In the August 2016 issue, we took a quick look at the applications of propositional logic to designing logic circuits. In part two of this two-part series on math for computer science, we’ll explore a second branch of discrete mathematics: graph theory.
In math class at most schools, students typically learn about a few types of graphs. There are charts, such as bar charts and pie charts and there is the Cartesian coordinate system with the x and y axes (and sometimes z). For students whose exposure to graphs does not go much beyond this, it may be difficult to understand why something called graph theory is taught in discrete math courses for computer scientists.
As it turns out, the definition of “graph” is much more general than what many students have learned. In graph theory, just about any set of points connected by edges is considered a graph. Although much of graph theory is best learned at the upper high school and college level, we will take a look at a few examples that younger students can enjoy as well.
To begin, it is helpful to understand that graph theory is often used in optimization. In other words, it can help us to find the quickest, shortest, cheapest, or otherwise most optimal way of achieving a goal. As such, let’s begin with a somewhat simple goal. Take a look at this illustration:
Pick a point and trace each edge. The goal is to get to every point without crossing another line or retracing a line. For example, line segment GJ cannot be drawn if the segment KI has already been traced (and vice versa).
One solution is to start at K, proceed to G, H, I, F, G, K, J, F, and to J, I
Depending of what the points and edges represent, and what we wish to optimize, we could create different conditions for how to traverse the map. In fact, herein lies the power of graph theory. The same general technique can be applied to very different optimization problems.
Let’s take a look at one classical problem studied in graph theory. The problem is known at The Seven Bridges of Königsburg. Könisgburg is a real city, now known as Kaliningrad. Part of the city is surrounded by the branches of a river, and at one time there were seven bridges connecting four sections of land in the surrounding area.
As the story goes, people in Kaliningrad wondered if it is possible to walk across each bridge exactly one time and visit each of the four sections of land that they connect. Part of Kaliningrad and the seven bridges are shown in purple below. The two light purple bridges are no longer there but were part of the original problem.
At the time the problem was first posed, no one was able to complete the task, however they could not prove whether or not it was possible.
Eventually, the mathematician Leonhard Euler realized that the map above could be abstracted down to a set of edges and dots, with the edges representing the bridges and the dots representing the land that they connect. He redrew the map above as something like the graph below:
Each orange dot represents one of the four bodies of land, and each purple edge represents one of the seven bridges.
In graph theory it is often useful to focus on one dot at a time, and count the number of edges coming in or out of it. In this case, three of the dots are attached to three edges (A, C, D), and one of the dots is attached to five (B). Euler used this type of graph to prove why the challenge is impossible. Can you identify the conflict that Euler discovered?
You might wonder how tracing lines and crossing bridges is applicable to computer science. One example is the world wide web. The Google search engine is based on the idea that each website is a node (dot) and each hyperlink connecting to it is a line (edge). The lines are given more weight based on an algorithm called PageRank that Google keeps secret and adjusts regularly. In fact, a rough graph of the web wouldn’t look all that different than Euler’s graph of the seven bridges of Konisgburg, with more dots and more lines.
In fact, much of computer science applies graph theory to solve optimization problems. To name a few, database design involves analyzing interconnections, network design involves finding the shortest paths, data structure involves minimizing data retrieval times, and computer hardware involves economizing memory space.
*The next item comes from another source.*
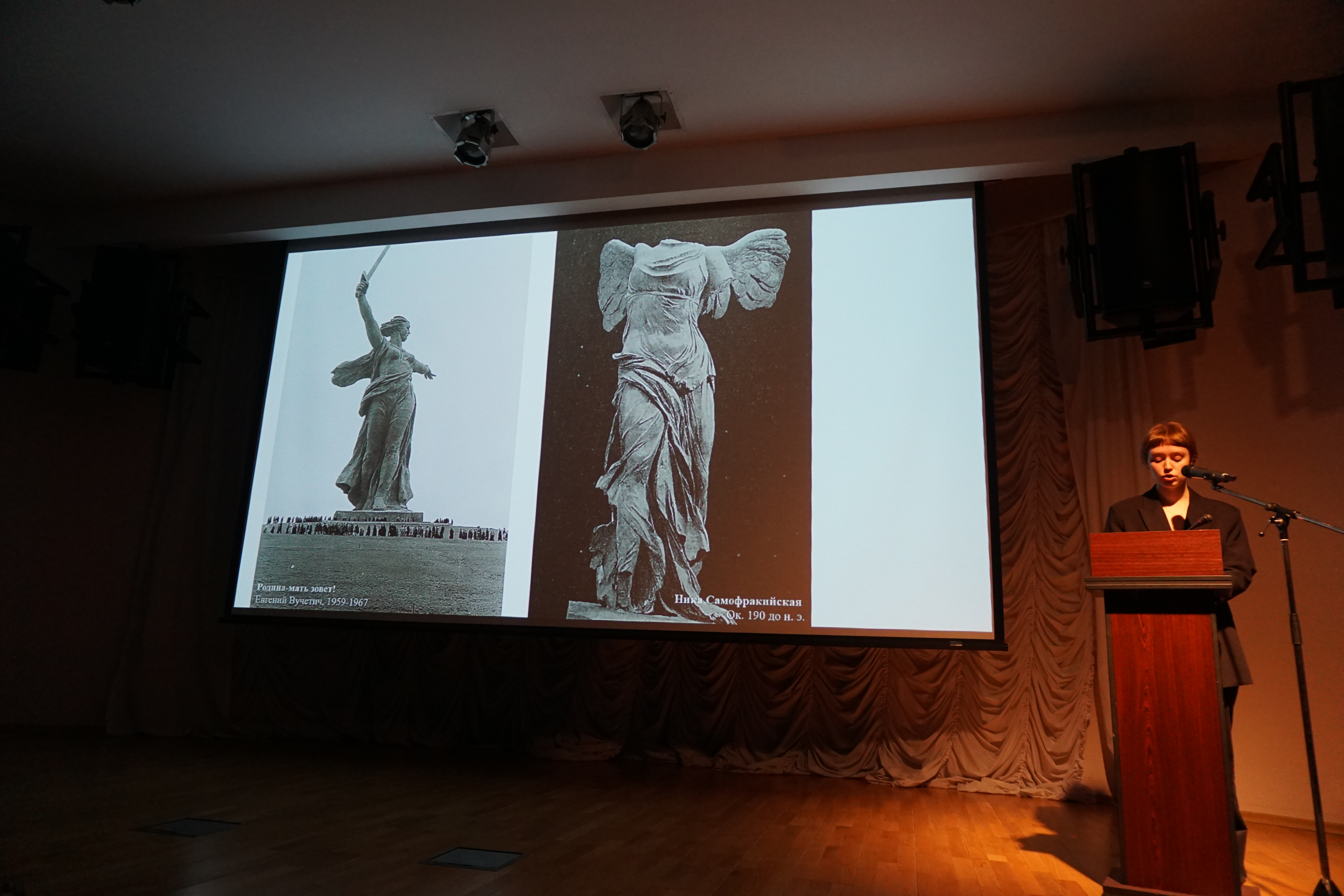 В своих докладах молодые люди поднимали темы творческого наследия художников-фронтовиков, иллюстраций к литературным произведениям о Великой Отечественной войне и её месте в изобразительном искусстве.

Curious about Euler’s proof that the seven bridges challenge is impossible? His thorough explanation requires several paragraphs, however consider the following. We must draw a line to arrive at each piece of land and a line to leave each piece of land. However, the pieces of land are connected to three lines (bridges). That means that each piece of land must be visited twice. But how can we visit multiple pieces of land twice, and only leave them once?